- Problem to solve
The required output holds only the lines from the one containing "临近开学,河北省邢台市开展校" through the end of the material below, copied exactly, please, with no pictures.

- Provided information
╭──

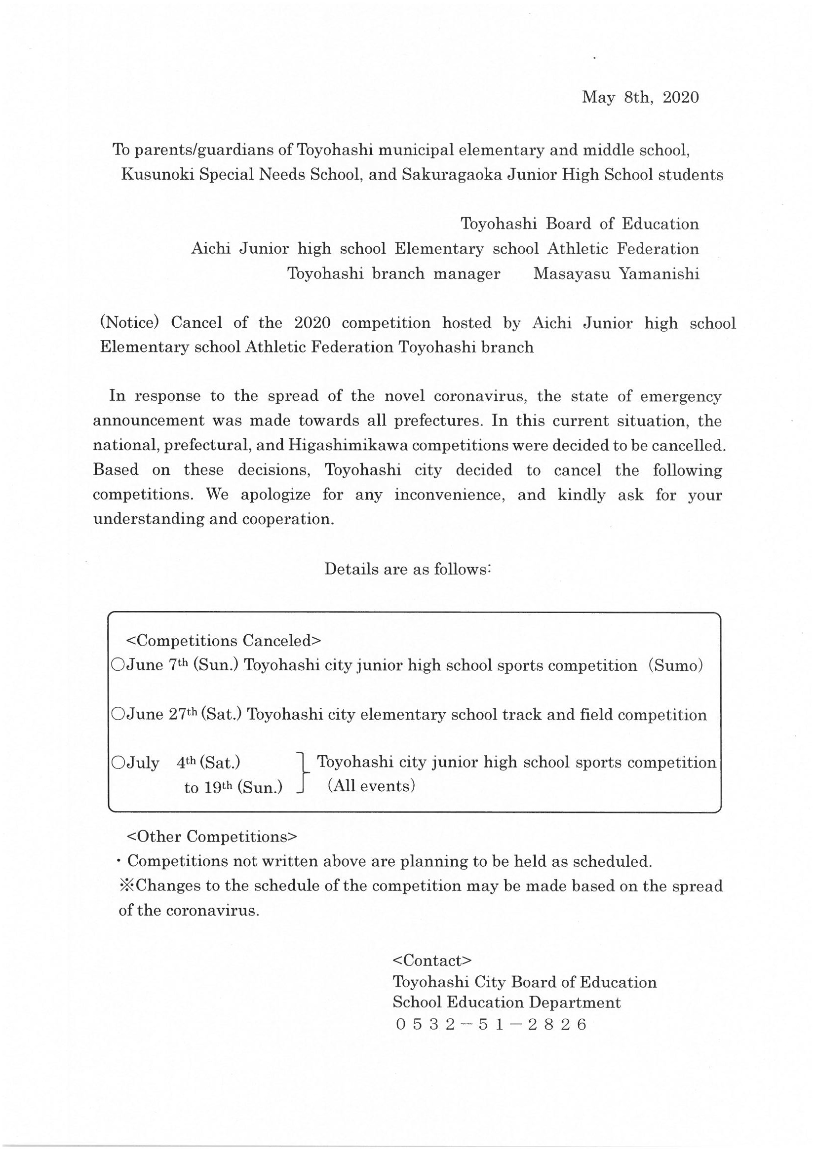 令和2年度愛知県小中学校体育連盟主催大会の中止について
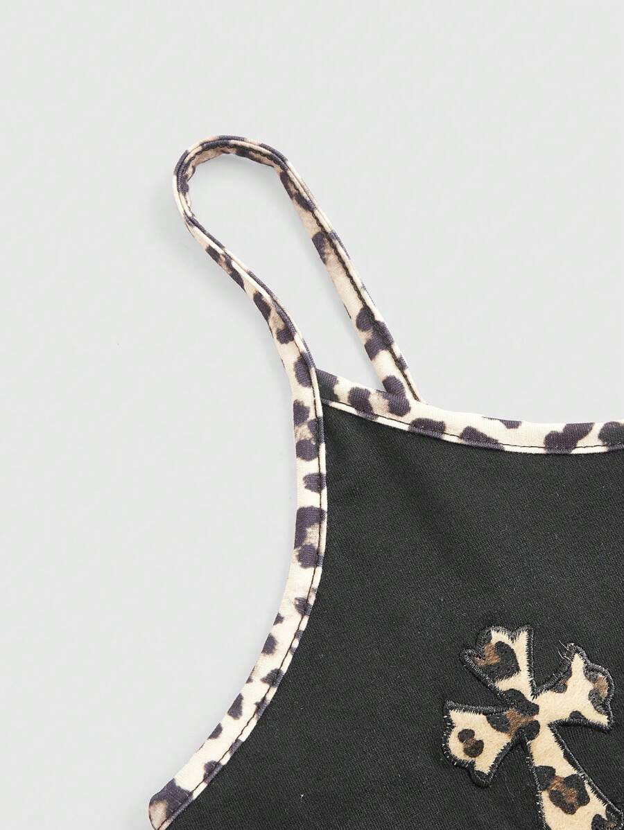 Goth Parte superior de tirantes cruzados con estampado de leopardo para mujer, escuela
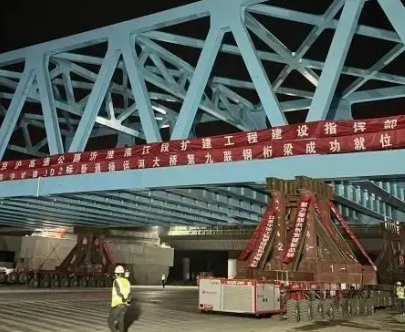 在江苏润扬集团京沪高速扩建现场,有一台智能模块车,它可以将重950吨的钢结构桥梁轻轻托起,并将其逐步移动到指定位置。
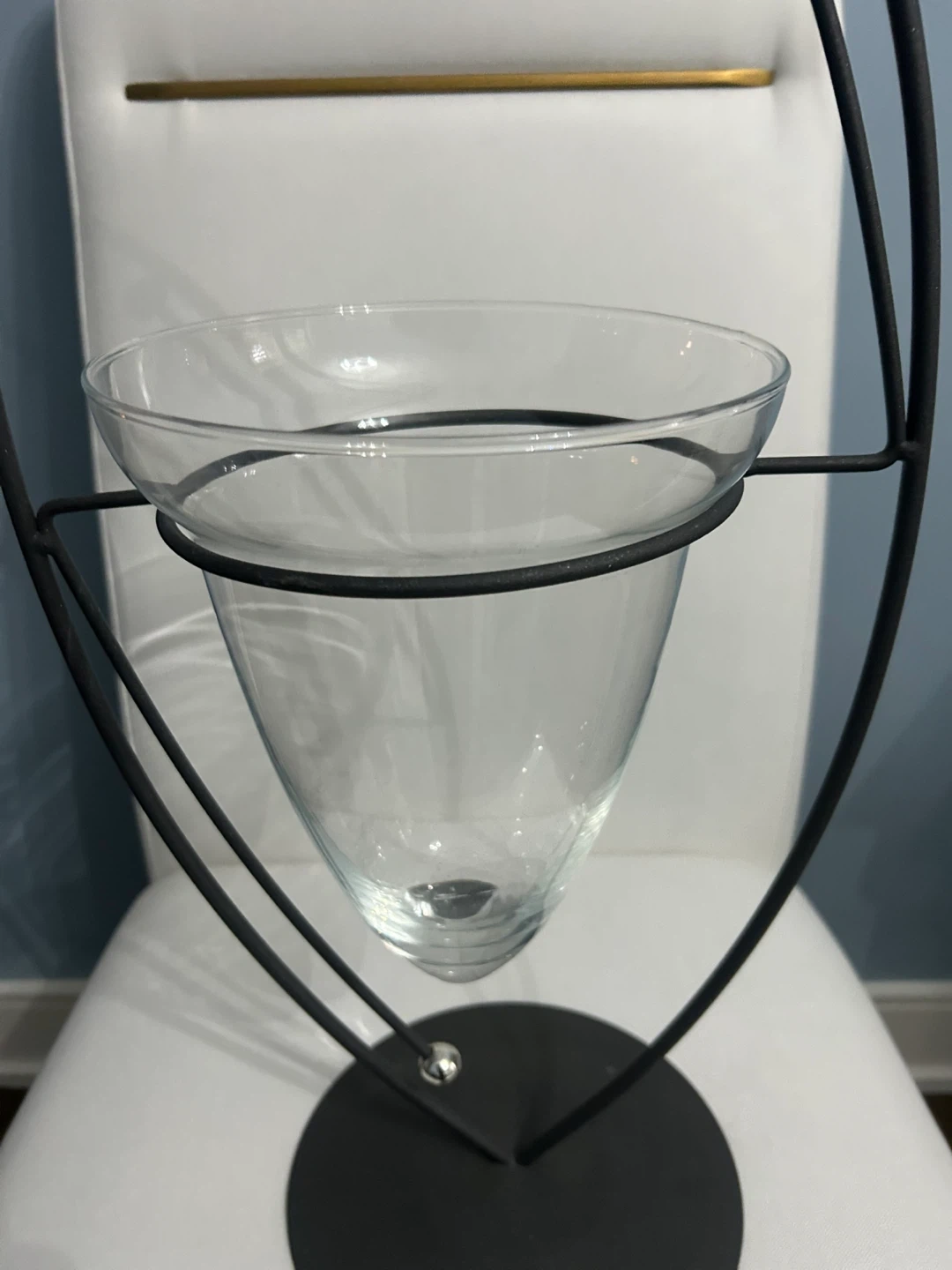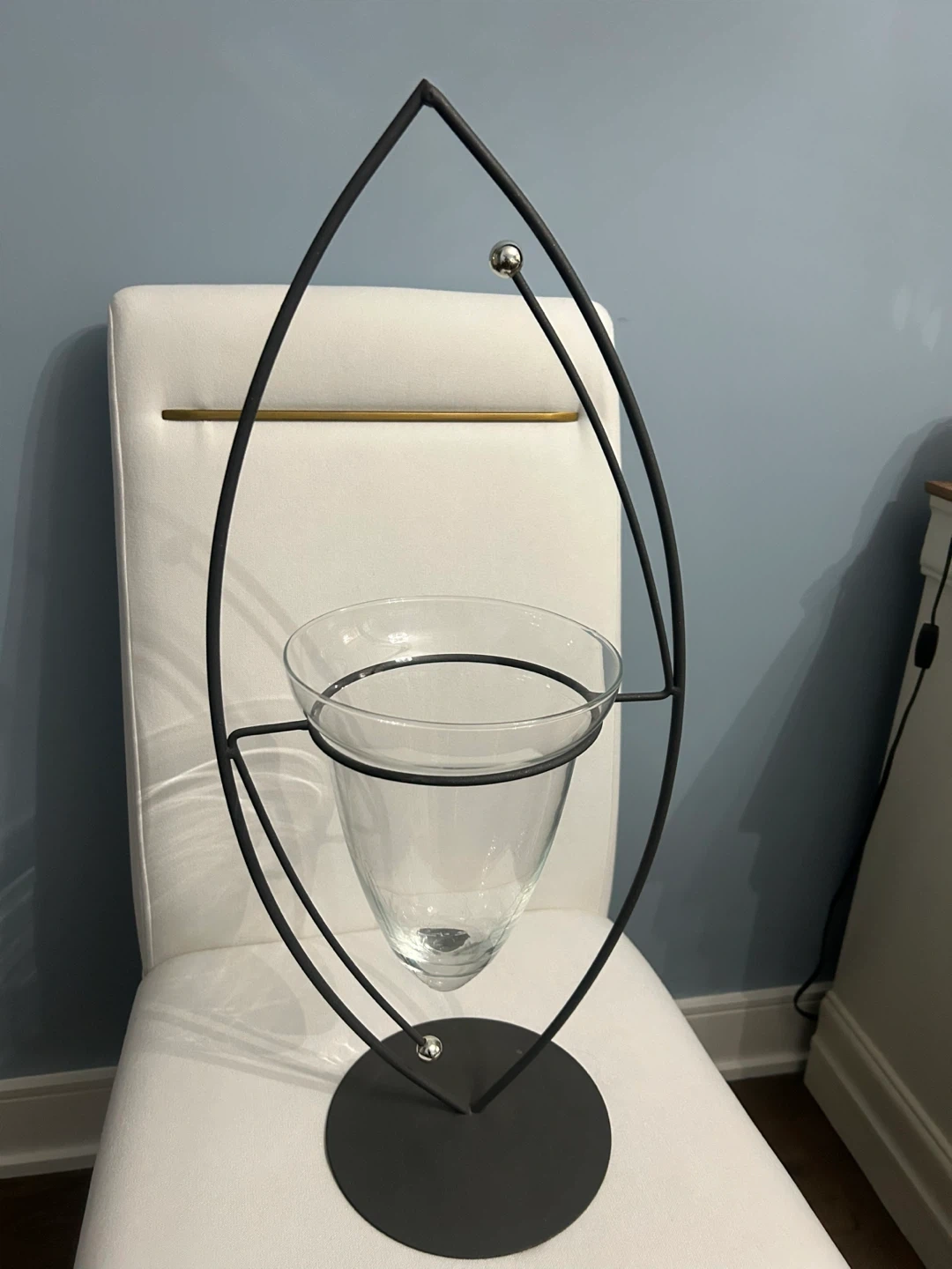 A stylish metal and glass vase. Modern design and is in excellent condition. It’s perfect for displaying flowers or as a standalone decorative piece!
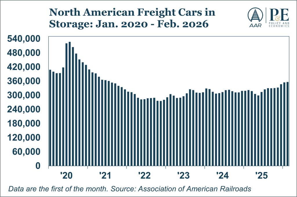 A railcar is considered in storage if it has not moved while loaded in the past 60 days and has only moved empty since its last loaded trip. Changes in the number of stored railcars are a real-time indicator of rail transportation demand and, by extension, broader economic activity. As of February 1, 2026, some 356,000 railcars — 21.8% of the 1.63 million North American freight car fleet — were in storage. The number of cars in storage has been slowly growing since mid-2025.
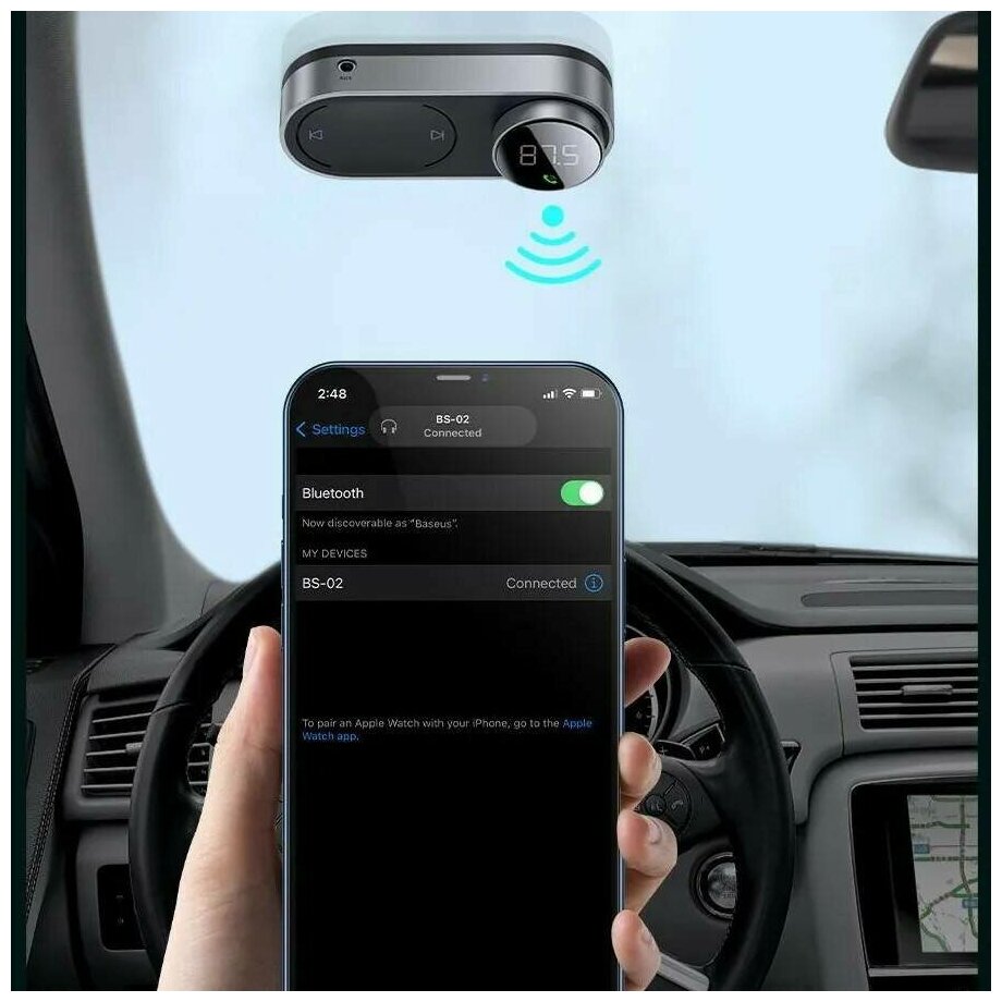 FM-трансмиттер Baseus с функцией быстрой зарядки и USB-портом, Bluetooth 5.0
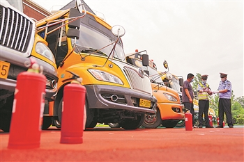 临近开学,河北省邢台市开展校车安全专项检查,对中小学校、幼儿园校车的轮胎、后视镜、停车牌、灭火器等进行检查,以排除隐患,保障学生乘车安全,迎接新学期的到来。新华社发(田晓丽 摄)
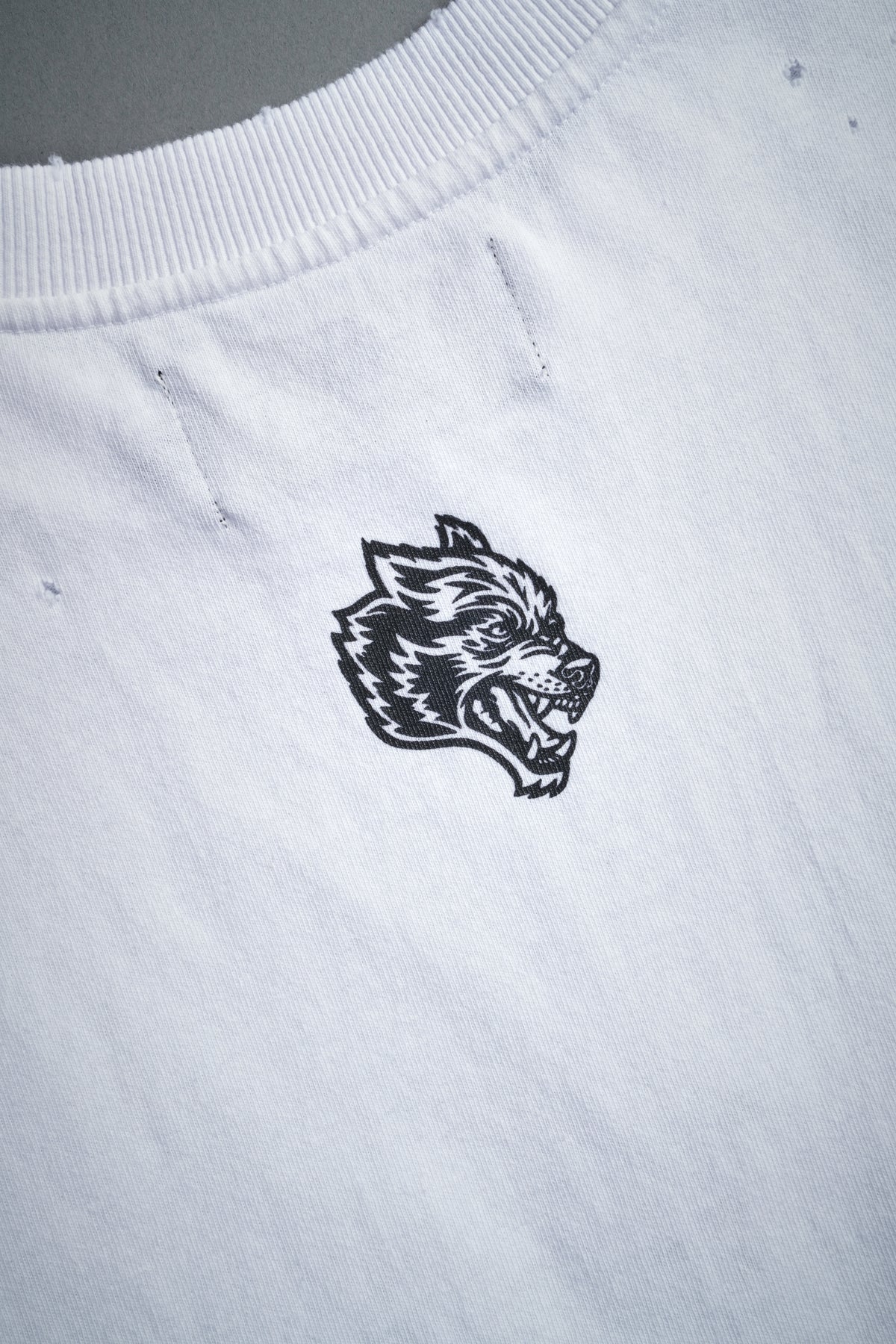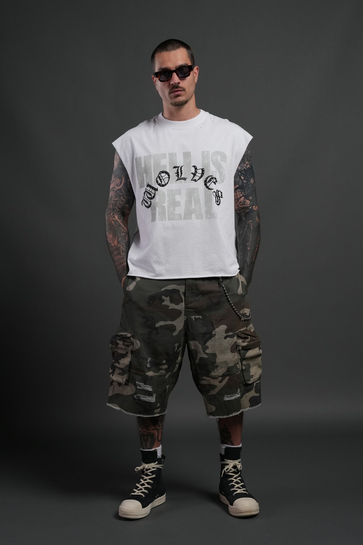 Hell is Real Distressed Grunge Mid-Length Raw Hem Muscle Tee in White
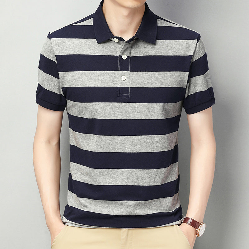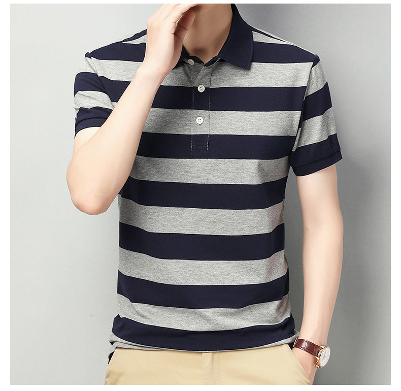 Short-sleeved contrast striped fashionable polo shirt tops for men
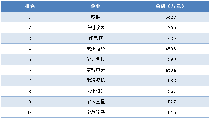 A級(jí)單相智能電能表中標(biāo)金額前十企業(yè)
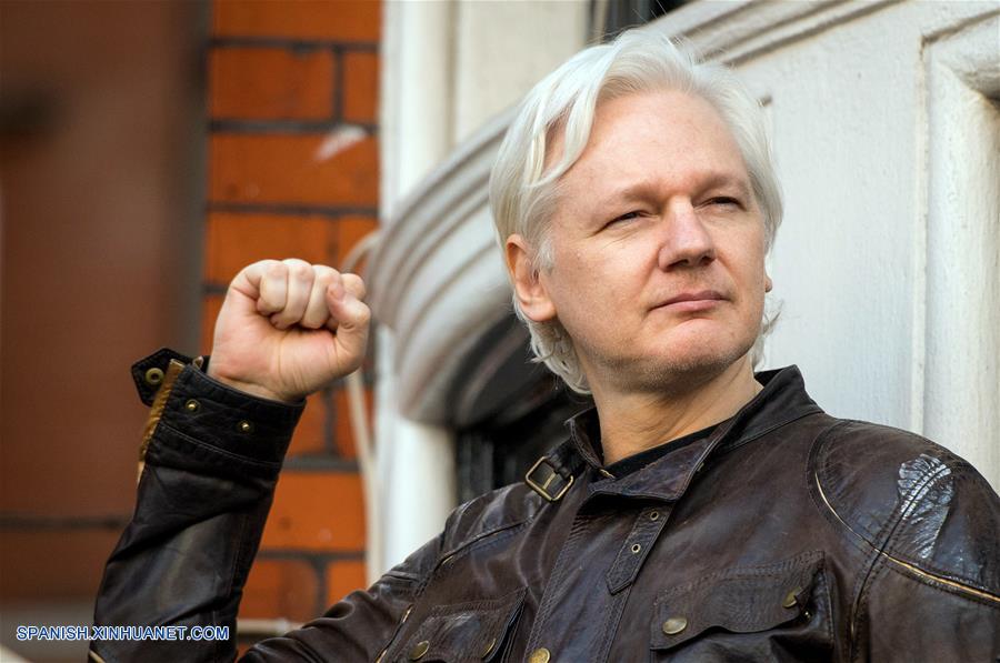 Imagen de archivo del 19 de mayo de 2017 del fundador del portal Wikileaks, el australiano Julian Assange, gesticulando en el balcón de la embajada de Ecuador en Londres, Reino Unido. (Xinhua/Dominic Lipinski/PA Wire/ZUMAPRESS)

╰──

- Expected output
 临近开学,河北省邢台市开展校车安全专项检查,对中小学校、幼儿园校车的轮胎、后视镜、停车牌、灭火器等进行检查,以排除隐患,保障学生乘车安全,迎接新学期的到来。新华社发(田晓丽 摄)
 Hell is Real Distressed Grunge Mid-Length Raw Hem Muscle Tee in White
 Short-sleeved contrast striped fashionable polo shirt tops for men
 A級(jí)單相智能電能表中標(biāo)金額前十企業(yè)
 Imagen de archivo del 19 de mayo de 2017 del fundador del portal Wikileaks, el australiano Julian Assange, gesticulando en el balcón de la embajada de Ecuador en Londres, Reino Unido. (Xinhua/Dominic Lipinski/PA Wire/ZUMAPRESS)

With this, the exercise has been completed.